Washington Trust to pay $9 million over discriminatory lending

By Sarah N. Lynch

(Reuters) -Washington Trust Bank, the largest community bank in the country, will pay $9 million to settle civil rights charges that it discriminated against primarily Black and Hispanic mortgage applicants in Rhode Island, the U.S. Justice Department announced on Wednesday.

The department's complaint against the bank alleges that from 2016 through 2021, it engaged in a practice known as redlining by failing to provide lending services to residents in primarily Black and Hispanic neighborhoods in Rhode Island.

Top department officials said that despite expanding across the state, it never opened a branch in a Black or Hispanic neighborhood, and that it relied on mortgage loan officers working out of majority-white areas as the primary source for generating new lending applications.

"Through this agreement, we are sending a strong message to the financial industry that we will not stand for discriminatory and unlawful barriers in residential mortgage lending," said Kristen Clarke, the Assistant Attorney General of the Justice Department's Civil Rights Division, at a press conference on Wednesday.

A Washington Trust official said Rhode Island has been home to the bank for 223 years. "We believe we have been fully compliant with the letter and spirit of fair lending laws, and the agreement will further strengthen our focus on an area that has always been important to us," Edward O. Handy, Washington Trust's chairman and chief executive, said in a release.

Redlining refers to racial discrimination in lending practices by banks and other financial institutions, a practice that has harmed Black and Hispanic communities for decades.

In September 2021, research from the Federal Reserve bank of St. Louis concluded that residents in redlined neighborhoods across the country could not afford to buy homes or pay for their upkeep and as a result could not accumulate wealth at the rates other groups did.

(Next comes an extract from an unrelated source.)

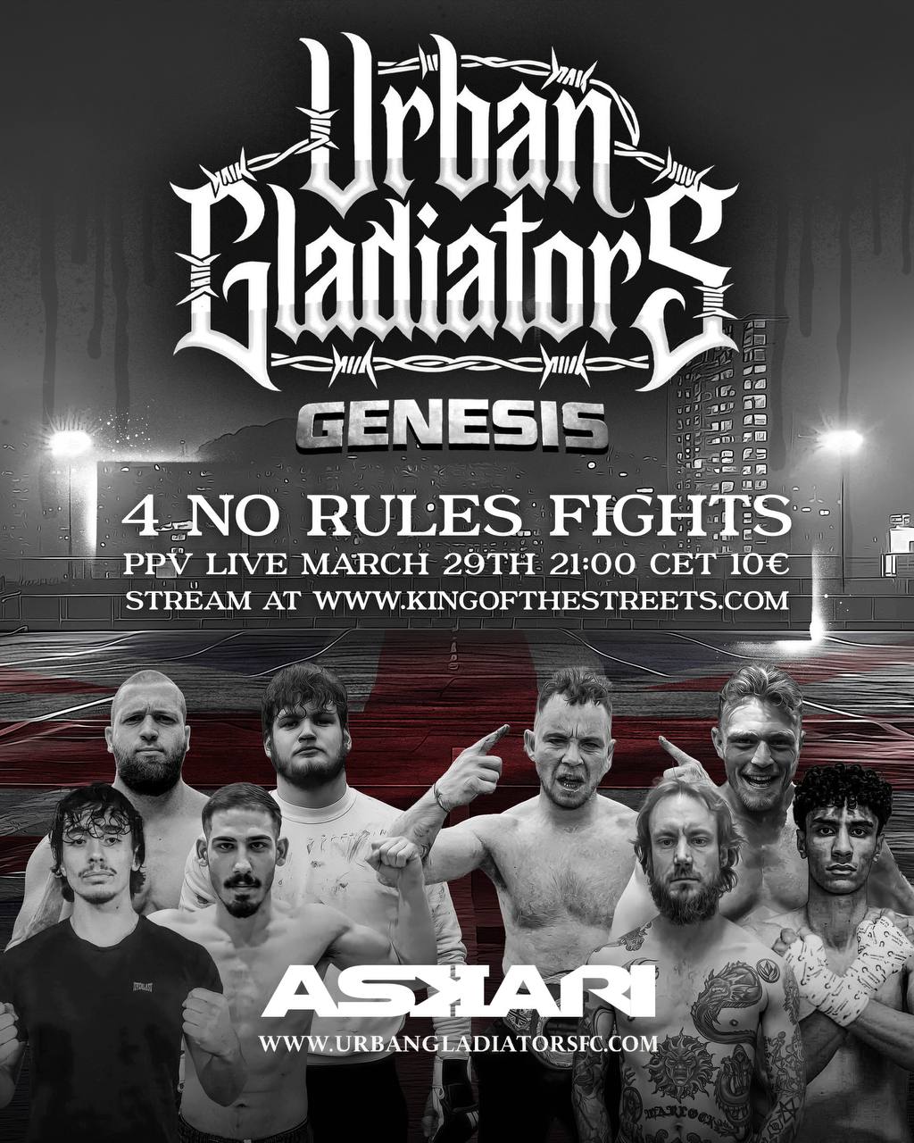 Watch the event “GENESIS” from the organization URBAN GLADIATORS from the UK. Get exclusive access to watch it here. Featuring 5 savage fights with no rules, no rounds.

A month later, the Justice Department launched a coordinated enforcement effort to crack down on redlining. Since then, it has brought nine redlining cases and secured $98 million in relief.

Under the terms of the settlement with Washington Trust, which must still be approved by a federal court, the bank has agreed to take certain steps.

These include a plan to invest at least $7 million in a loan subsidy fund to increase access to home mortgages, home improvements, home refinance and home equity loans and lines of credit for residents who live in majority-Black and Hispanic neighborhoods in Rhode Island.

The bank will also spend an additional $2 million on community partnerships and for advertising and consumer outreach in Black and Hispanic communities.